At least one T&T national was granted asylum in the United States last year, based on the claim that he faced continued persecution in this country as a result of his sexual orientation. Immigration Equality (IE), a US-based human rights NGO, handled 37 asylum claims from T&T in 2010. There were 38 successful actions by Jamaican nationals and four from Grenada. The names of applicants are not usually disclosed and not all claims are handled by the organisation. Legislative shortcomings that do not address discrimination on the grounds of sexual orientation were cited in most instances.
“In many cases, the clients who turn to Immigration Equality for help are literally running for their lives,” IE executive director Rachel B Tiven said in a press release. This, US-based Puerto Rican immigration attorney Sheila Velez said, frequently occurs because there was a lack of access to adequate anti-discrimination legislation in the Caribbean and the result can often be acts of violence including torture and outright job and other discrimination. Local activists do not believe such claims were exaggerated.
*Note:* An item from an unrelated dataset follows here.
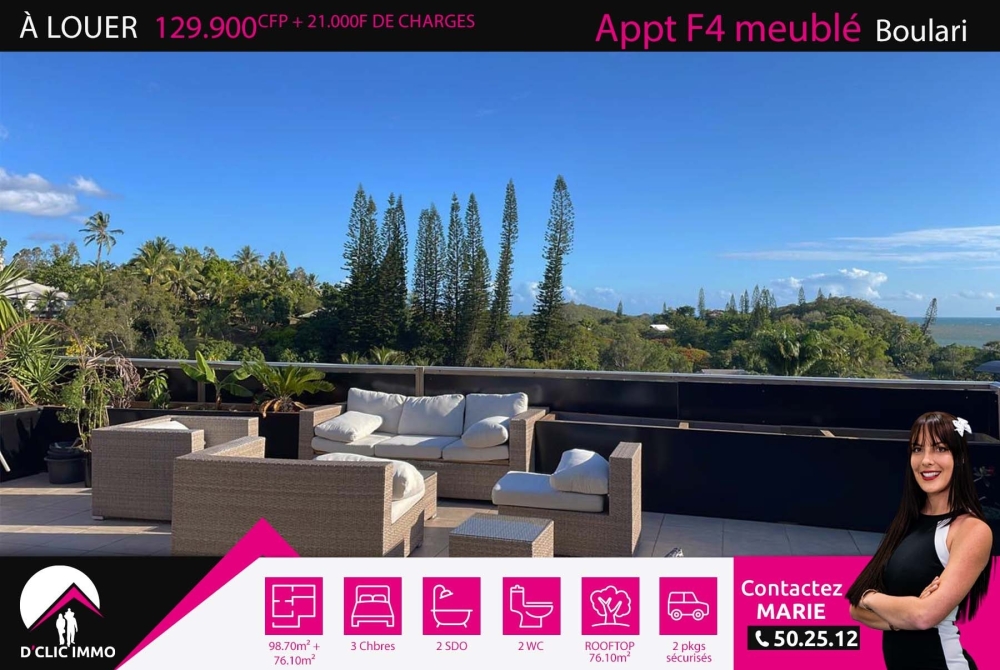 Idéalement situé à Boulari, proche des commerces, marché et écoles, et de toutes commodités l'agence D'CLIC IMMO vous propose en exclusivité un spacieux appartement de type F4 entièrement meublé et équipé de 98.70m² + 76.10m² de terrasse situé en ROOFTOP au 5e et dernier étage de la résidence sécurisée avec ascenseur 'BUTTE ESTIENNE'.

Gay, lesbian, bisexual and transgender (GLBT) spokesman, Cyrus Sylvester, told the Guardian: “While some may be of the opinion that this claim is overstated, for many members of the GLBT community here in Trinidad and Tobago, persecution based on sexual orientation is a frightening reality. “While all claims for asylum will not be of the same merit, I strongly believe that some of these cases can amount to legitimate claims for asylum in other, more tolerant societies,” he said, adding he was aware of other successful applications in Canada and Europe.